Quantitative Analysis of Dihydroxybenzenes in Complex Water Samples Using Excitation-Emission Matrix Fluorescence Spectroscopy and Second-Order Calibration

1Key Lab of Process Analysis and Control of Sichuan Universities, Yibin University, Yibin, Sichuan 644000, China
2Hospital, Yibin University, Yibin, Sichuan 644000, China
3The First Affiliated Hospital, Chongqing Medical University, Chongqing 400016, China
4Computational Physics Key Laboratory of Sichuan Province, Yibin University, Yibin 644007, China

Received 24 July 2014; Revised 21 September 2014; Accepted 22 September 2014; Published 13 October 2014

Academic Editor: Lu Yang

Copyright © 2014 Hui Chen et al. This is an open access article distributed under the Creative Commons Attribution License, which permits unrestricted use, distribution, and reproduction in any medium, provided the original work is properly cited.

Abstract

The dihydroxybenzenes are organic intermediates in many fields for various purposes and have been widely recognized as fatal environmental pollutants. Simultaneous determination of these compounds is particularly important. These habitual methods are time-consuming and laborious. The combination of two-dimensional excitation-emission matrix (EEM) fluorescence and second-order calibration of parallel factor analysis (PARAFAC) was investigated for simultaneously determining catechol, hydroquinone, and tryptophan. A total of 25 samples were designed and are divided into a calibration set and a test set. An unexpected constituent was used as unknown interference. The EEM data were successfully decomposed into a four-factor model of PARAFAC. The resolved spectra excitation and emission profiles from PARAFAC algorithm were compared with the corresponding pure spectra to confirm the compounds in samples. Based on the decomposition, the final calibration models provided satisfactory concentration estimates. The mean recovery percentages were 98.3%, 101.7%, and 97.9% for catechol, hydroquinone, and tryptophan, respectively. The results reveal that the developed method is maybe a potential tool for simultaneous determination of phenolic components in water samples or other complex samples.

1. Introduction

Phenols are defined as hydroxy derivatives of benzene. Phenols and substituted phenols are important organic intermediates and are widely used in both industry and agriculture for various purposes [1, 2]. For example, catechol was used widely as solvent for producing food additive agents, hair dyes, and antioxidants, while hydroquinone is also used in cosmetics, polymers, tanning, pesticides, medicines, and photographic chemicals [3, 4]. In addition, they are generally present in the wastewater from oil, paint, polymer, and pharmaceutical industries [57]. As three isomers of dihydroxybenzene, catechol, hydroquinone, and resorcinol have high toxicity and low degradability in the ecological system. They show toxic effects in animals and plants due to easily penetrating into skin and cellular membrane [8, 9]. The absorption of catechol or hydroquinone from the gastrointestinal tract can induce some diseases such as renal tube degeneration and liver function disease. Nowadays, they have been recognized as important environmental pollutants by both the US Environmental Protection Agency (EPA) and the European Union (EU).
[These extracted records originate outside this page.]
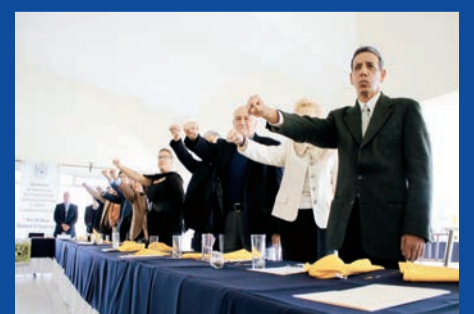
CAMBIO EN LA ASOCIACIÓN DE AGUASCALIENTES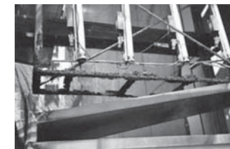
さびによる看板底部の脱落

伊豆海景 キレイな景観大好き。 最近、ステキな看板にキョーミあり。 カメラを持ってまち歩き。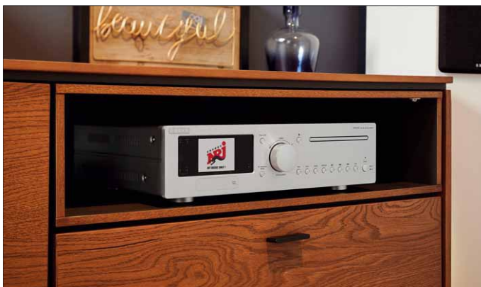
In den Farben Diamantsilber und Saphirschwarz ist der CVR-200 für 1.700 Euro erhältlich, die Chromvarianten kosten 300 Euro Aufpreis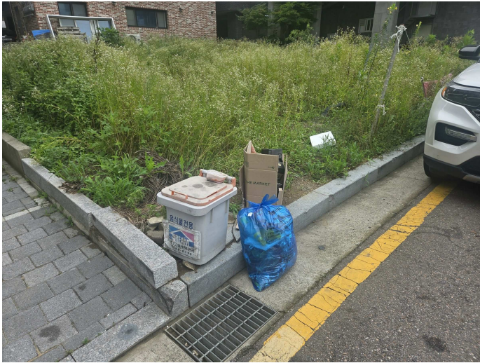
본건 지상 적치물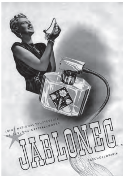
Inzerát z roku 1947

valy pod původními nebo počestnými názvy (například v podobě přeložených křestních jmen původních českoněmeckých majitelů).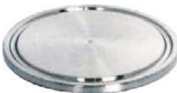
TAPÓN SS304 SANITARIO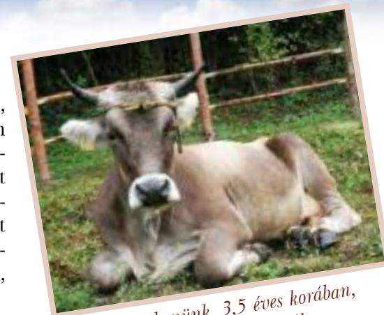
Kicsi nevű tehenünk, 3,5 éves korában, a Hegyközi HelyiTermék Fesztiválon

A kiadványt azzal a céllal készítettük, hogy választ adjunk azokra a gyakran felmerülő kérdésekre, amellyel az érdeklődők meg szoktak keresni minket az állattartással és gazdálkodással kapcsolatban. Nem tudományos értekezést készítettünk, hanem a saját tapasztalatainkat szeretnénk átadni őszintén, érthetően és gyakorlatiasan.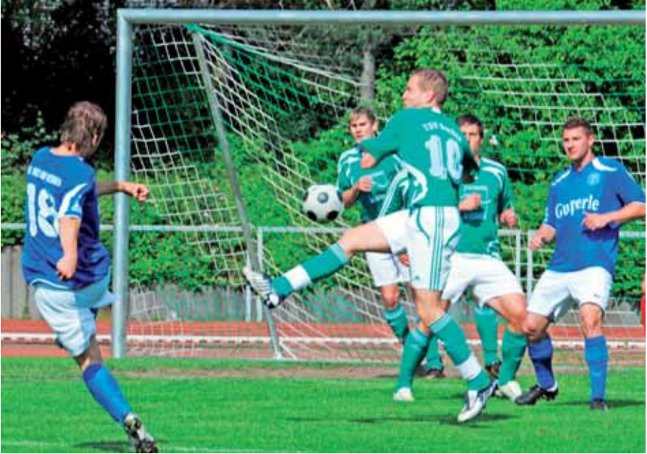
Die TSV-Kicker kämpften, aber gegen die starke Konkurrenz war wenig zu holen.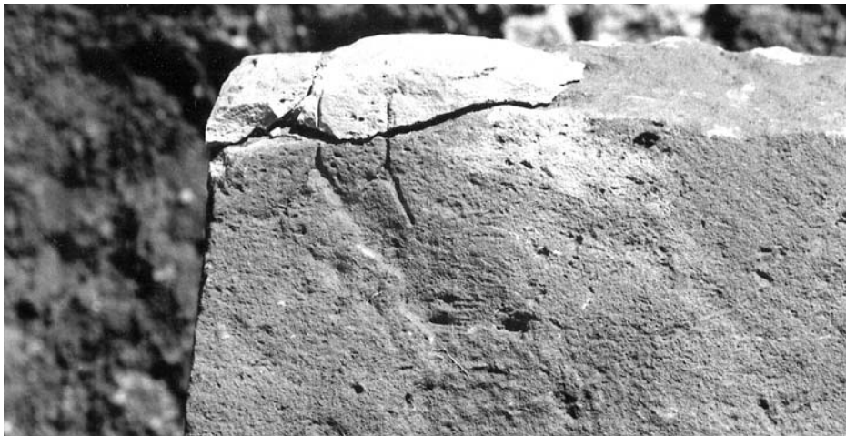
Figura 5B: Inscripción 4. Detalle.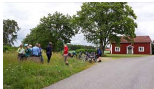
Og på cykeltur i den svenske natur ...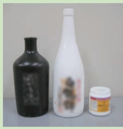
陶磁器・リサイクルできないびん

ビールびんや一升びんなどの「リターナブルびん」はリサイクルするため、購入店へ返してください。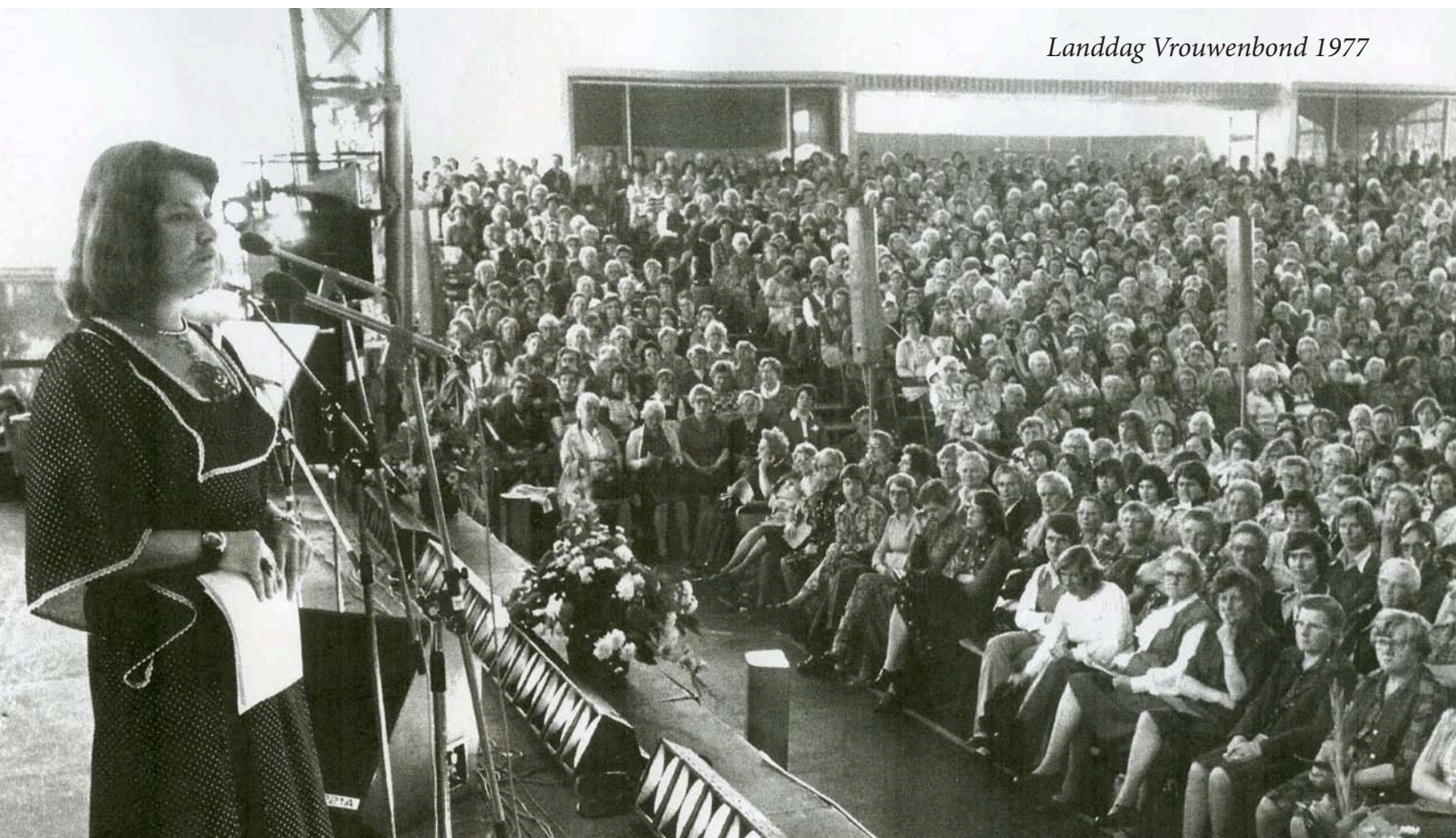
Landdag Vrouwenbond 1977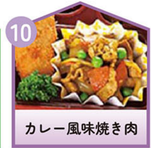
カレー風味焼き肉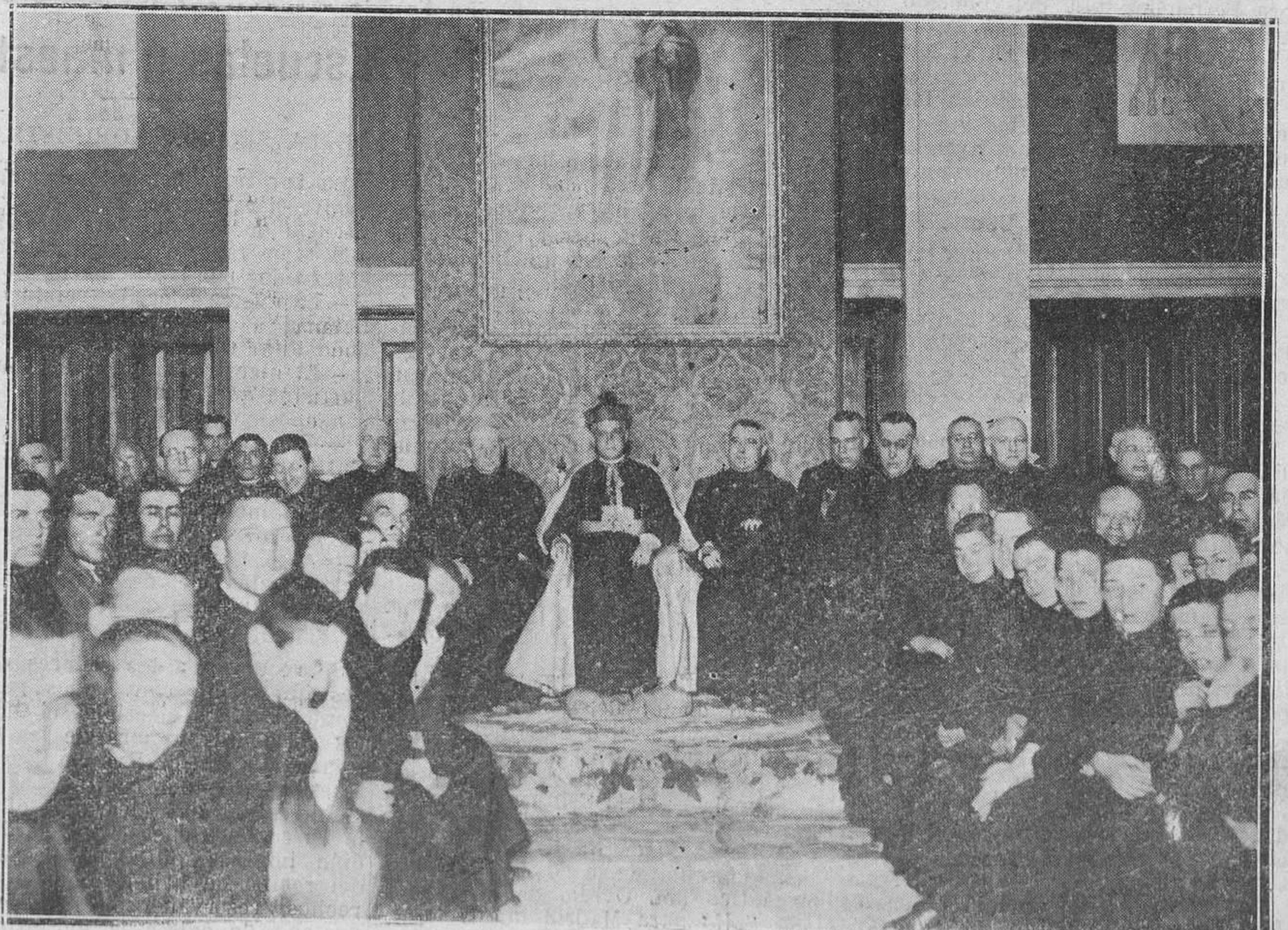
EN EL SEMINARIO CONCILIAR.--El Obispo de Madrid, don Or Eijó, en la fiesta celebrada con motivo de sus bodas de plata sacerdotales.

(Continúa lo del "raid" en la página 10)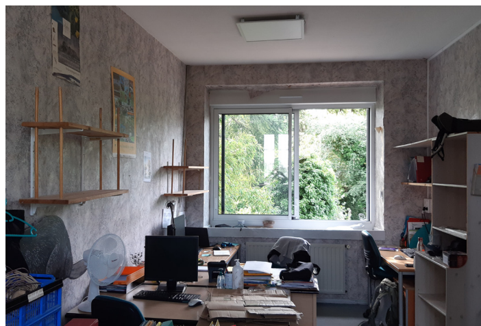
Bureau de la réserve naturelle - Avant travaux

Un grand merci à tous pour ce résultat très appréciable !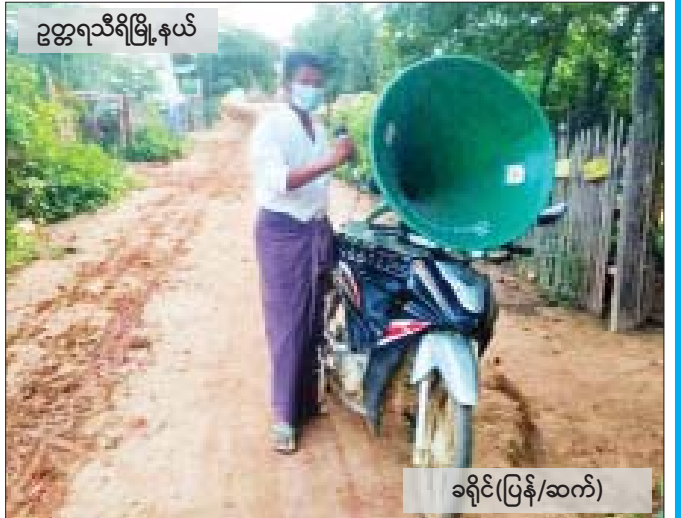
ခရိုင်(ပြန်/ဆက်)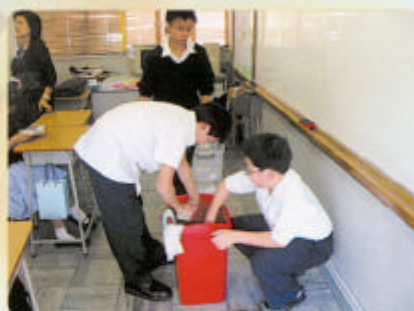
清潔課室，義不容辭！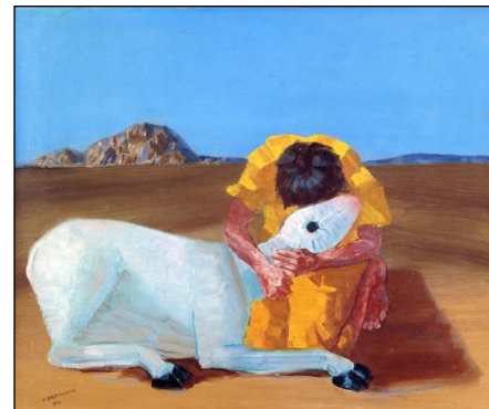
III. Menino com carneiro, 1954. Óleo sobre tela.

Os autores das obras são, respectivamente: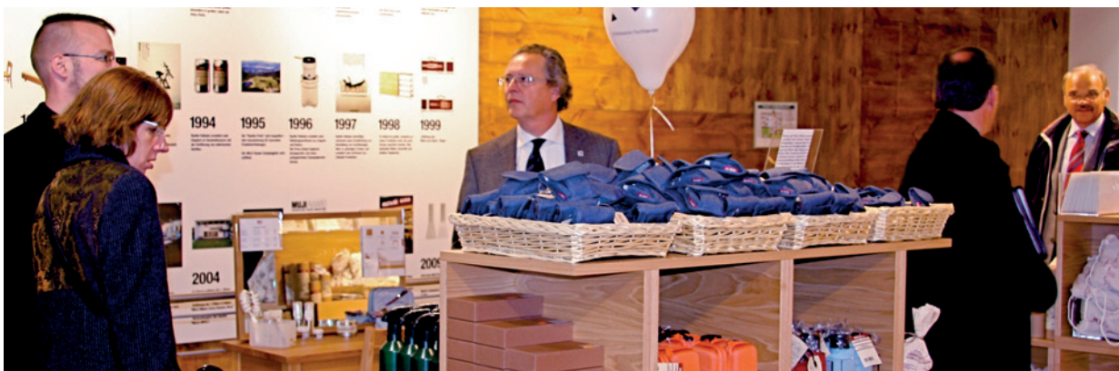
PBS-Händler informieren sich während einer BBW-Tagung in Köln bei Muji. Das Motto der Ladenkette: Kein Brand ist auch ein Brand. Das japanische Unternehmen verspricht den Kunden aber eine hohe Qualität der Produkte.

Die Menschen werden immer älter und sie haben immer weniger Lust, mit ihrem Auto auf die Grüne Wiese zu SB-Warenhäusern zu fahren. Es fehlen Geschäftsformate, die auf-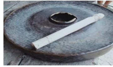
Gambar 1. Gong Besar

Dikatakan Nggongi To Bae karena gong ini memiliki ukuran yang lebih besar dari gong lainnya dan ukurannya berdiameter sekitar 41 cm. Seperti pada alat musik lainnya, jika semakin lebar ukuran diameternya maka bunyi yang dihasilkan semakin rendah.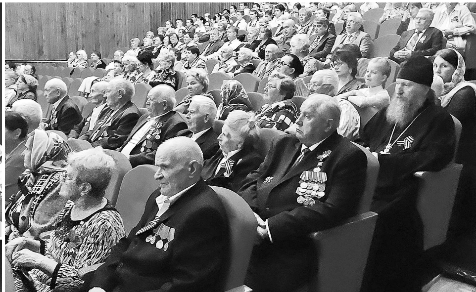
На торжественном мероприятии в с. Новое.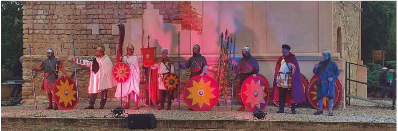
13 de maig, representació de Tarraco Viva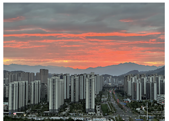
福州天边如绚丽的调色盘

海都讯(记者 吴诗榕文) 朝霞不出门,晚霞行千里。昨晚,夕阳西下时,福州的天边绽放出绚丽的调色盘。云层厚重却层次分明,橙色与灰色交织在一起,形成温暖又神秘的色彩效果。阳光透过云层,照亮这座城市,金光洒在楼宇之间,仿佛披上一层薄纱。今明两天,福建多云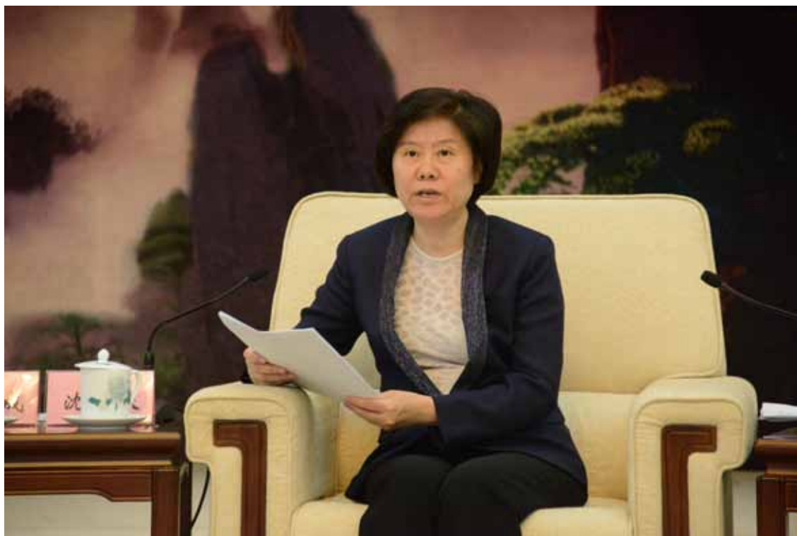
4月29日,深海海底区域资源勘探开发法实施座谈会在京召开,沈跃跃副委员长出席会议并讲话。

《中华人民共和国深海海底区域资源勘探开发法》经十二届全国人大常委会第十九次会议审议通过,并由国家主席习近平同志签署第42号主席令对外公布,于2016年5月1日起正式实施。这是第一部规范我国公民、法人或者其他组织在国家管辖范围以外海域活动的法律,对于我国全面实施海洋强国战略、积极履行国际义务具有重要意义。我们要充分认识这部法律的重要意义,准确把握法律的主要制度规范,推动有关各方

Different phenolic compounds behave differently and have different ecological effects and toxicity; the determination of individual phenolic compounds is particularly important. Due to the similarity of structure, the development of good analytical methods is necessary for simultaneous determination of these substances and has currently become a topical problem in environmental analysis [1014]. Up to now, several different analytical methods have been developed for the determination of the dihydroxybenzene, such as high-performance liquid chromatography (HPLC) [15], gas chromatography-mass spectrometry (GC-MS) [16], electrophoresis [17], and spectrophotometry [18]. These habitual methods of analysis usually involve time-consuming and laborious analytical procedures: for example, a previous step where the physical or chemical separation or preconcentration had to be made. Also, these methods are sometimes complicated and difficult to reproduce and are rather hazardous because they involve some toxic materials and reagents, which can be quite costly. Therefore, the development of new methods, which makes possible the simultaneous determination of these derivatives without any previous separations, is a valuable research subject.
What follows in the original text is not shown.